AIM OF THE EXERCISE: If a line comes after the one containing "Главная страница >", leave it out; copy every line before it, and that line too, exactly as written, starting from the first line of the entries.

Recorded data
[Start of section]

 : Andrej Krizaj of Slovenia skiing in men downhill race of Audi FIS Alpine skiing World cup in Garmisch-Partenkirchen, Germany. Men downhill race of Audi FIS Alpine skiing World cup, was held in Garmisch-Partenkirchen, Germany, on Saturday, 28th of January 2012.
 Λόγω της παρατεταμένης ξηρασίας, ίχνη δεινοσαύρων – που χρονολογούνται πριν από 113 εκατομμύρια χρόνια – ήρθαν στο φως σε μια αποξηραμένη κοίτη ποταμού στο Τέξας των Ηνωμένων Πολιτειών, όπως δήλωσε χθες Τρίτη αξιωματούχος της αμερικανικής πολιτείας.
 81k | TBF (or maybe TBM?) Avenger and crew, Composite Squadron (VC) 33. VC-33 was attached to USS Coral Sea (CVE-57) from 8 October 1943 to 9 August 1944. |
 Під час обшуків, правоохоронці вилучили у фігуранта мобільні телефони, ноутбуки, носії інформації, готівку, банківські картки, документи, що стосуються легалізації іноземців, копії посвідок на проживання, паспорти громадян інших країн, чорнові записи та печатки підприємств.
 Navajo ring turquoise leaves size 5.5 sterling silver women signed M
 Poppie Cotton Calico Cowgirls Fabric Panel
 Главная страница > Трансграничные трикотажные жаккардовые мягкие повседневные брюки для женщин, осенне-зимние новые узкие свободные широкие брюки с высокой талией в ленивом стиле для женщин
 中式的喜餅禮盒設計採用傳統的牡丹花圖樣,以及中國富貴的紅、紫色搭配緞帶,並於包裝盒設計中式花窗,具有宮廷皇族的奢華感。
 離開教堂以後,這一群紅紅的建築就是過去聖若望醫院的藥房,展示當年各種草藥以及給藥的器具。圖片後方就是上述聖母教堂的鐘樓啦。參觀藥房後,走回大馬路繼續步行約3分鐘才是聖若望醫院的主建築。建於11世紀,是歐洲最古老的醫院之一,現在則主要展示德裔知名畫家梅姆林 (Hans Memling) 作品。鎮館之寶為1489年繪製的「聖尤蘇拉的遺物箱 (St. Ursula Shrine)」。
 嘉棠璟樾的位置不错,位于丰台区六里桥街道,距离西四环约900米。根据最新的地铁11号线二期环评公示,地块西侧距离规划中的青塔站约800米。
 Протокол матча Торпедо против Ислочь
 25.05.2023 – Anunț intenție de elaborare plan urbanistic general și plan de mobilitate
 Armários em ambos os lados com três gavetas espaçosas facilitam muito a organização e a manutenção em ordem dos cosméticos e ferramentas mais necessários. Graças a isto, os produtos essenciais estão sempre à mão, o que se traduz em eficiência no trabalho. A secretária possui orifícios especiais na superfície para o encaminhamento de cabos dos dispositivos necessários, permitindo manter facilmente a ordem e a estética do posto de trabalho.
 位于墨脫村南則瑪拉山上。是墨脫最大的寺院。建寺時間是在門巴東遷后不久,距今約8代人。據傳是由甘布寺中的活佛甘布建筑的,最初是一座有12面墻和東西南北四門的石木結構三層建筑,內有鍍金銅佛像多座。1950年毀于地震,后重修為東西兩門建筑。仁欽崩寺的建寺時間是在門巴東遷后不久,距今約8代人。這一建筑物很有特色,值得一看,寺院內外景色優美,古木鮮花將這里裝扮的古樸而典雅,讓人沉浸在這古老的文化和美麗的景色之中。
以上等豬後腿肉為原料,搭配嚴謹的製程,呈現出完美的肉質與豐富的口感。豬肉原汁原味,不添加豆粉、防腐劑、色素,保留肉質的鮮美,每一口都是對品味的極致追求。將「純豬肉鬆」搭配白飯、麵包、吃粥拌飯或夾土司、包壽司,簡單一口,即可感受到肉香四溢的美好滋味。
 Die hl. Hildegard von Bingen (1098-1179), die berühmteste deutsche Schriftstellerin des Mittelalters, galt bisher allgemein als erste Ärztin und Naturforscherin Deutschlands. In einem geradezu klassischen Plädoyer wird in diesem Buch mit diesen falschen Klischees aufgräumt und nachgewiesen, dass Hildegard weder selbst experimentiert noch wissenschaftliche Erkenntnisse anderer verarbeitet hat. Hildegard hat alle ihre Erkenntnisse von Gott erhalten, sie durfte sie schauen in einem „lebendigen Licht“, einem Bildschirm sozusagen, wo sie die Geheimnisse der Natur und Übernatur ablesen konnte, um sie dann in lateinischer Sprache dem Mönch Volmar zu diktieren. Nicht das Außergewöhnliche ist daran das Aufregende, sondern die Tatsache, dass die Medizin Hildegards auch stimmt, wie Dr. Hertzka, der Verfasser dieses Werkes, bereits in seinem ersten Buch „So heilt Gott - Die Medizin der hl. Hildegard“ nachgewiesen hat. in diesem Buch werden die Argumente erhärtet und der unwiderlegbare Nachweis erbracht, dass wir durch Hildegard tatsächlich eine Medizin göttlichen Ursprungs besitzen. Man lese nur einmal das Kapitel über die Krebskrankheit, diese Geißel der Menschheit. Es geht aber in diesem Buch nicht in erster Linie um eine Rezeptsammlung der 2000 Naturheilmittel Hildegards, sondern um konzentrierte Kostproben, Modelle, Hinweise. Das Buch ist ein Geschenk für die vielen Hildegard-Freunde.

[End of section]

TASK RESPONSE:
 : Andrej Krizaj of Slovenia skiing in men downhill race of Audi FIS Alpine skiing World cup in Garmisch-Partenkirchen, Germany. Men downhill race of Audi FIS Alpine skiing World cup, was held in Garmisch-Partenkirchen, Germany, on Saturday, 28th of January 2012.
 Λόγω της παρατεταμένης ξηρασίας, ίχνη δεινοσαύρων – που χρονολογούνται πριν από 113 εκατομμύρια χρόνια – ήρθαν στο φως σε μια αποξηραμένη κοίτη ποταμού στο Τέξας των Ηνωμένων Πολιτειών, όπως δήλωσε χθες Τρίτη αξιωματούχος της αμερικανικής πολιτείας.
 81k | TBF (or maybe TBM?) Avenger and crew, Composite Squadron (VC) 33. VC-33 was attached to USS Coral Sea (CVE-57) from 8 October 1943 to 9 August 1944. |
 Під час обшуків, правоохоронці вилучили у фігуранта мобільні телефони, ноутбуки, носії інформації, готівку, банківські картки, документи, що стосуються легалізації іноземців, копії посвідок на проживання, паспорти громадян інших країн, чорнові записи та печатки підприємств.
 Navajo ring turquoise leaves size 5.5 sterling silver women signed M
 Poppie Cotton Calico Cowgirls Fabric Panel
 Главная страница > Трансграничные трикотажные жаккардовые мягкие повседневные брюки для женщин, осенне-зимние новые узкие свободные широкие брюки с высокой талией в ленивом стиле для женщин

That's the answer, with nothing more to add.